中国A片

Analysis of poverty is poor (1 of 2)

March 22, 2012

Your lead book review does no favours to those wary of the forthcoming research excellence framework ("A wealth of detail on a conundrum", 15 March). Howard Davies knows a bit about failure from his leadership of the Financial Services Authority ahead of the 2008 crisis, but his seductive ploy of "failing" the US authors of Why Nations Fail for not using quantitative methodology elides more serious failings. These include not only its narrow focus on political institutions in a search for "the origins of power, prosperity and poverty" (the book's subtitle) but also a calamitous ignorance of social institutions and social movements more generally.

The REF stands and falls by panel members being able to interpret the papers and books they read. So it is instructive to examine what Davies fails to notice about the text he quotes. The first, most pressing, matter is a naive and uninformed reliance on the mode of comparison. Any well-trained student of anthropology knows it beggars belief to draw comparisons between England and Ethiopia. As Davies notes, Daron Acemoglu and James Robinson state: "The reason Ethiopia is where it is today is because, unlike in England, absolutism persisted until the recent past." This is not true "up to a point" as Davies insists: it is a schoolboy howler, worthy of the worst excesses of jingoism.

Complicit in this is a slippage in key terms. What the thesis boils down to is not that "the strongest indicator of a successful economy is the presence of 'inclusive', rather than 'extractive', political institutions", as Davies repeats. "Extractive regimes" are instead juxtaposed with countries said to have "inclusive economic institutions": in other words, dictatorship versus democracy.

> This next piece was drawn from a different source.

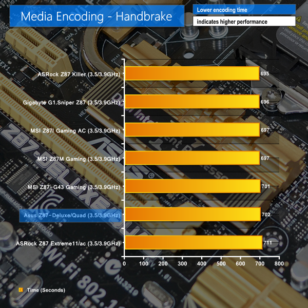 We see more of the same ‘typical' Z87 motherboard performance in our processor-heavy set of benchmarks. Asus's Z87-Deluxe/Quad clearly does not have any glaring performance issues.

This is banal: indeed, Davies might recall regimes with which he has had some dealings; Colonel Gaddafi's so-called "smashing of the state" obliterated all the institutions Libya enjoyed, save those that kept control of money and violence.

REF panels might also ask how well the key distinction in a thesis holds up. "Extractive regimes" are here defined as "structured to extract resources from the many by the few". This would be analytic if countries with "inclusive economic institutions" did things differently. Have the authors heard of Marx? Or read Weber's thesis on the importance of the accumulation of capital for the rise of capitalism? Indeed, Davies' mock questioning of a lack of quantitative methodology seems more relevant than he notices. Just remind me, which country's wealth is not in the hands of the top 10 per cent, or even the 1 per cent?

So what is Davies doing extolling this mishmash of political dogma and managerial discourse? Has he lived too long in the fast lane not to notice the poverty around him in London, or the immigrants fenced off to the outer suburbs of Paris by the Périphérique? He praises this tract by two LSE graduates as written "with imagination and care", but there is nothing imaginative in their setting out to "prove" neoliberal doctrine as universally true, when its own structuring of what is "level" in the playing field rules out the very topic of poverty the authors claim to address.